Updated by dalley over 4 years ago
I'm finding new bugs. Wiping the system and re-migrating gives this:
(pulp) [vagrant@pulp2-nightly-pulp3-source-centos7 devel]$ pulp-admin rpm repo content errata --repo-id test2
Description: Bear_Erratum
Id: RHEA-2012:0057
Severity:
Summary:
Title: Bear_ErratumPARTHA
Type: security
(pulp) [vagrant@pulp2-nightly-pulp3-source-centos7 devel]$ http GET :24817/pulp/api/v3/content/rpm/advisories/?repository_version=/pulp/api/v3/repositories/rpm/rpm/d18c672a-d6e9-4e6a-938f-3cf5a811db06/versions/1/
HTTP/1.1 200 OK
Allow: GET, POST, HEAD, OPTIONS
Connection: close
Content-Length: 1356
Content-Type: application/json
Date: Thu, 16 Jul 2020 20:01:07 GMT
Server: gunicorn/20.0.4
Vary: Accept, Cookie
X-Frame-Options: SAMEORIGIN
{
"count": 2,
"next": null,
"previous": null,
"results": [
{
"description": "Bear_Erratum",
"fromstr": "errata@redhat.com",
"id": "RHEA-2012:0057",
"issued_date": "2013-01-27 16:08:05",
"pkglist": [
{
"name": "collection-0",
"packages": [
{
"arch": "noarch",
"epoch": "0",
"filename": "bear-4.1-1.noarch.rpm",
"name": "bear",
"reboot_suggested": false,
"release": "1",
"relogin_suggested": false,
"restart_suggested": false,
"src": "http://www.fedoraproject.org",
"sum": "",
"sum_type": "",
"version": "4.1"
}
],
"shortname": ""
}
],
"pulp_created": "2020-07-16T19:55:54.463062Z",
"pulp_href": "/pulp/api/v3/content/rpm/advisories/0bb6563b-6c6b-437e-b86c-95b75e2e1625/",
"pushcount": "",
"reboot_suggested": false,
"references": [],
"release": "1",
"rights": "",
"severity": "",
"solution": "",
"status": "stable",
"summary": "",
"title": "Bear_ErratumPARTHA",
"type": "security",
"updated_date": "2013-01-27 16:08:05",
"version": "1"
},
{
"description": "Bear_Erratum",
"fromstr": "errata@redhat.com",
"id": "RHEA-2012:0057",
"issued_date": "2013-01-27 16:08:05",
"pkglist": [],
"pulp_created": "2020-07-16T19:55:54.456933Z",
"pulp_href": "/pulp/api/v3/content/rpm/advisories/930cd7e6-0945-40aa-81c9-cd29c9c056c4/",
"pushcount": "",
"reboot_suggested": false,
"references": [],
"release": "1",
"rights": "",
"severity": "",
"solution": "",
"status": "stable",
"summary": "",
"title": "Bear_ErratumPARTHA",
"type": "security",
"updated_date": "2013-01-27 16:08:05",
"version": "1"
}
]
}
Updated by dalley over 4 years ago
^^ Is just because there's no RPM packages in the current repo, so it ends up constructing an entirely different content unit with an empty package list.

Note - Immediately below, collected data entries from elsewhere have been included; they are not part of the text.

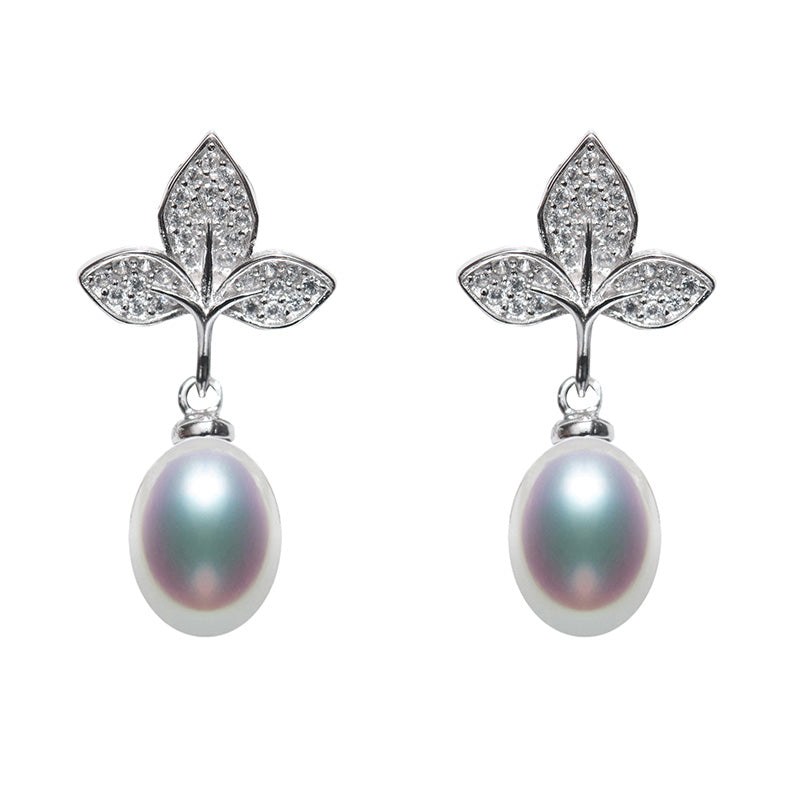 7.5-8mm Genuine Drop Shaped White Pearl Earrings For Women S925 Sterling Silver Fashion Jewelry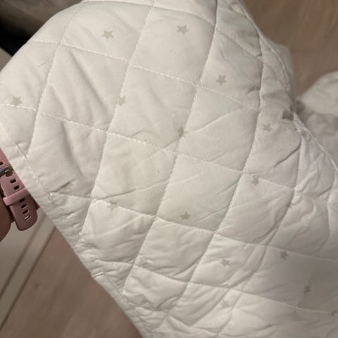 Vi har bare åpnet og prøvd den på før vi fort la merke til at vi hadde kjøpt feil størrelse. Denne passer altså ikke til sprinkelseng, bare til krybbe/bedside seng :-)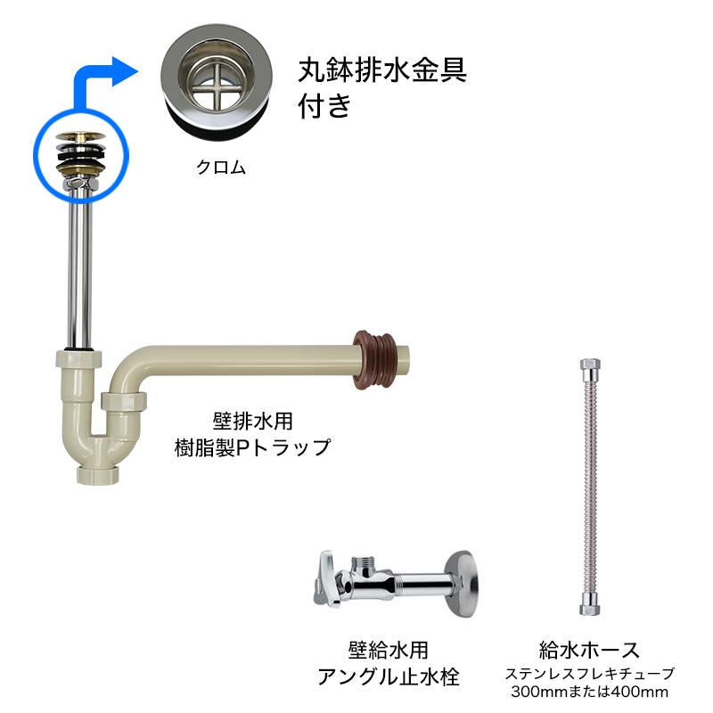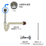 丸鉢排水口金具付き樹脂製の排水トラップ・三角ハンドル止水栓・フレキチューブを組み合わせた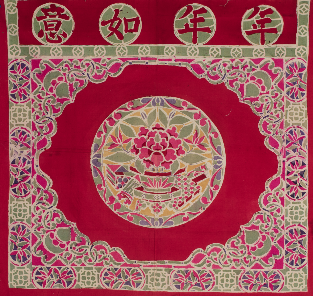 Colored table skirt decorated with four Chinese characters meaning "annual fulfillment" (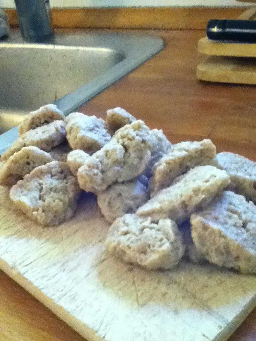 Now cut it into pieces, two large buns, or make it into a sausage (you decide) and boil it in water for halv an hour or one hour depending on size of your seitan-dough.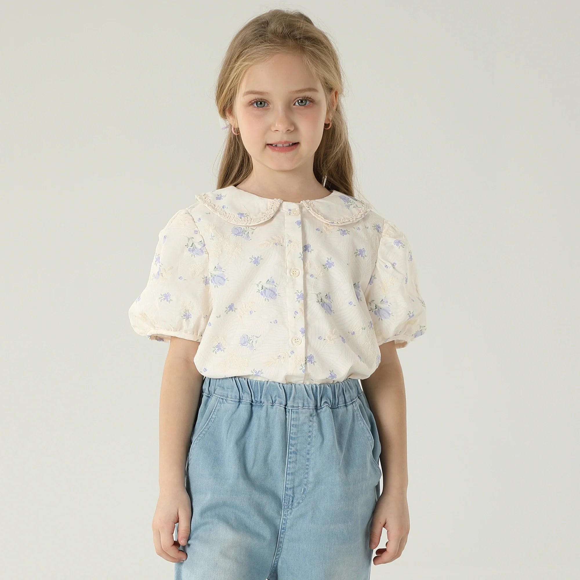 قميص مزين بنمط الزهور للبنات

When everything is done in one batch, we get two Pulp2Content and two UpdateRecords (because the pkglist is different, which changes the digest), and somehow both content units end up in the same repository even though only one of them was in the original.
Problems:
- Two advisories in the pulp3 repo, identical except for the package list. It should only be one.
- Probably it is simply wrong to be looking at RPMs in the repo to reconstruct the pkglist, because it causes issues like this where the pkglist is actually modified. This causes 2 content units to be created by accident.
@Justin I'm curious if you can reproduce this? Extra content seems easy to overlook compared to missing content.
When it's done in two steps as it was in the description, what happens is that it doesn't create a new pulp2content, and because it does this it doesn't try to create a new pulp3content from the pulp2content either (probably a good thing since it would be a wrong one if it did), but the content unit ends up associated with the repository anyway.
Problems:
- No new pulp2content is created
All of this needs to be fixed in this issue since if we fix the pulp2content issue it's going to immediately start having the problem w/ multiple content units and that is, if anything, far more broken.
Updated by ttereshc over 4 years ago
A few things stand out:
Not all content types provide the same fields here, RPMs don't have a "pulp3_repository_version", which surprises me but I can see why there might be a reason for it
This is for advisory only (and it will be the same for distribution trees) One pulp2 erratum is migrated into multiple advisories in pulp3, thus the repo version reference. For consistency, we can show in the API empty value for RPMs.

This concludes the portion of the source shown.